= Ayyankali Pada hostage protest =

Adivasi rights protest

The Ayyankali Pada hostage protest was an Adivasi rights protest carried out by Maoist group Ayyankali Pada on October 4, 1996. Four members of the group, Vilayodi Sivankutty, Kanhangad Rameshan, Kallara Babu and Ajayan Mannur, took the then Palakkad district collector, WR Reddy, hostage at the District Collectorate in Palakkad, Kerala.

==Background==

Ayyankali Pada was formed in 1992 as the youth wing of the new Kerala Communist Party after the dissolution of the Central Reorganisation Committee, Communist Party of India (CRCCPI). The group was named after revolutionary leader Ayyankali.

The activists acted partly in response to an amendment that had passed a week earlier on September 23, 1996 to the Kerala Scheduled Tribes (Restriction on Transfer of Lands and Restoration of Alienated Lands) Act, 1975. The 1975 Act required the state to return alienated lands to Adivasis; however, since 1975 no land had been returned under invocation of the act. The amendment had legalized transfers of Adivasi land between 1960-1984, essentially nullifying the original act.

== Protest ==

The activists held Reddy hostage for 9 hours, after which the negotiating parties reached an agreement of release and the activists revealed that their weapons were fake, although Reddy maintains that they were real.

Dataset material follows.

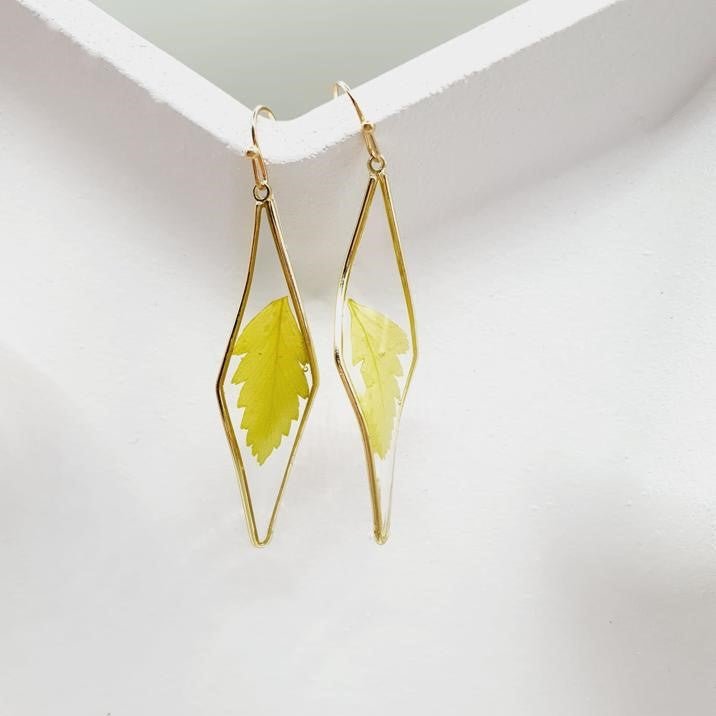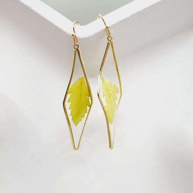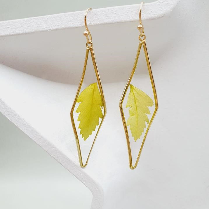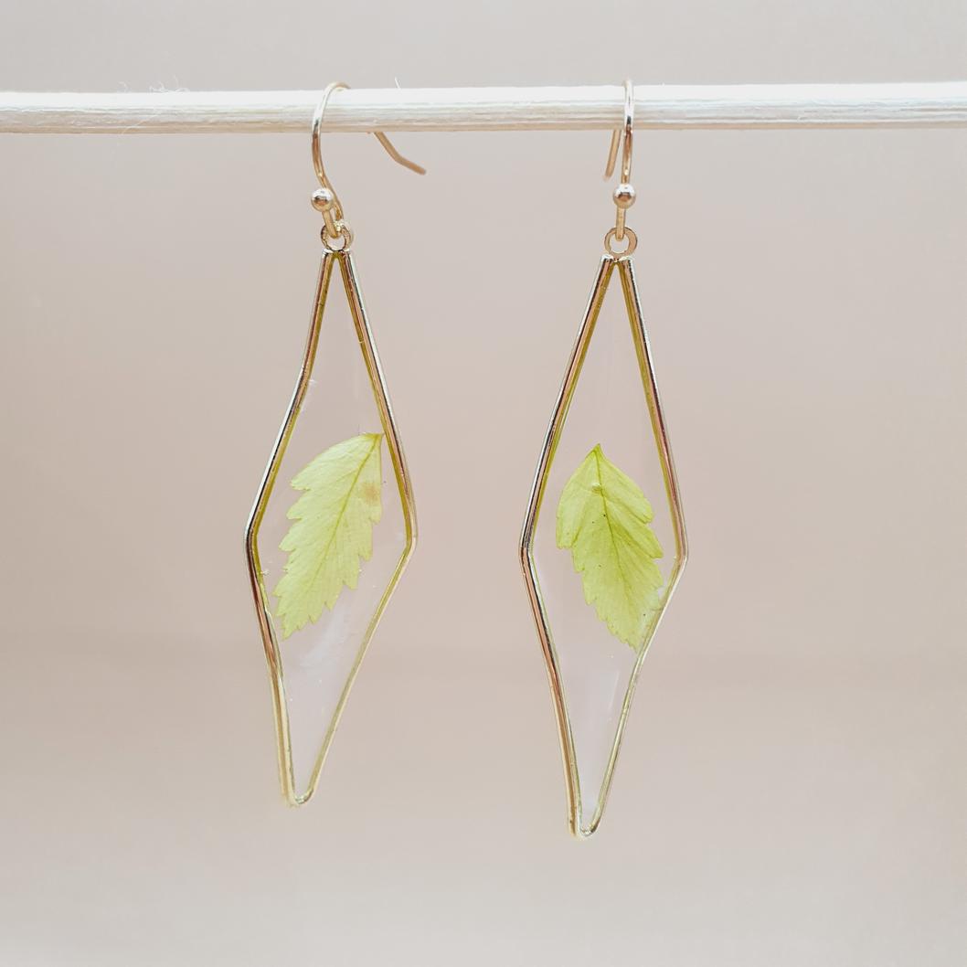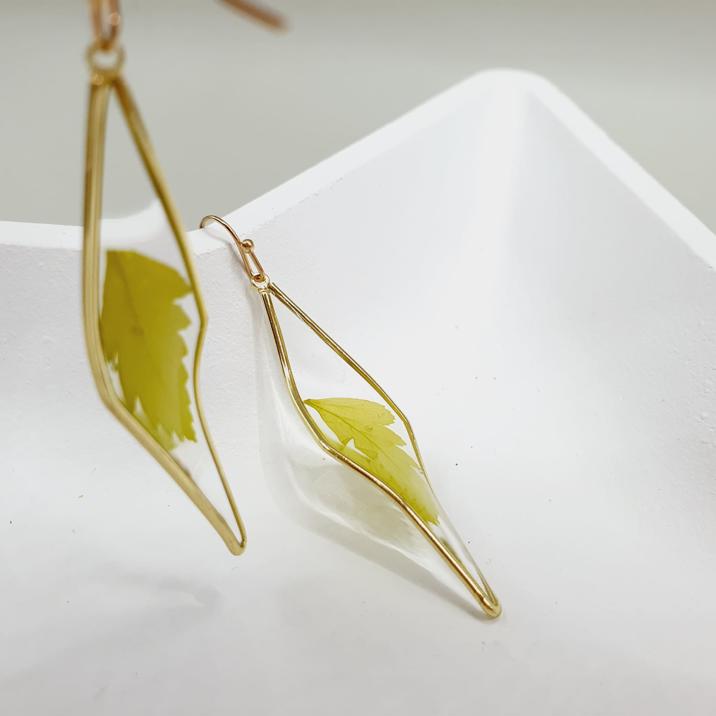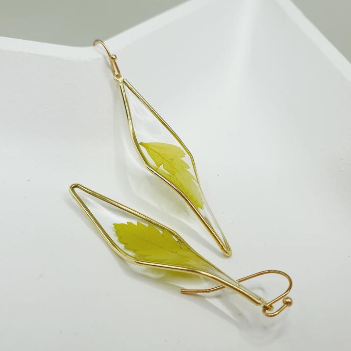 Cercei geometrici rasina frunza presata

No serious injuries were reported during the protest.

On the day of the protest, the activists demanded the following:

- The immediate repeal of the amendment made to the Kerala Scheduled Tribes (Restriction on Transfer of Lands and Restoration of Alienated Lands) Act, 1975.
- The public release of data relating to land that has been stolen from Adivasis in Kerala.
- The public release of personal details of those individuals and companies that have encroached on Adivasi land.
- A detailed report of the usage of state funds allocated for the benefit of Scheduled Tribes.

The activists entered the District Collectorate on October 4 after having observed the area for several days beforehand. Armed with explosives and a gun, both later claimed to be fake, they entered Reddy's office and held him hostage. Throughout the day, a crowd gathered outside of the building. After 9 hours the hostage was released and the activists were promised safe passage by the government and not arrested.

== Aftermath ==

Despite the promises of the state, Sivankutty, Rameshan, and Mannur were arrested in later years. Kallara Babu remained in hiding for 14 years.

The Kerala Scheduled Tribes Act, 1975 was repealed three years later upon the passing of The Kerala Restriction on Transfer by and Restoration of Lands to Scheduled Tribes Act, 1999. While the 1999 Act declares all past and future land transfers between Adivasi and non-Adivasi parties illegal, it allows encroachers to keep up to five acres of previously stolen land. The 1999 Act grants only one acre of land to landless Adivasis, whereas the previous Act had granted five.

== In popular culture ==

The 2022 Malayalam-language film Pada is about the incident.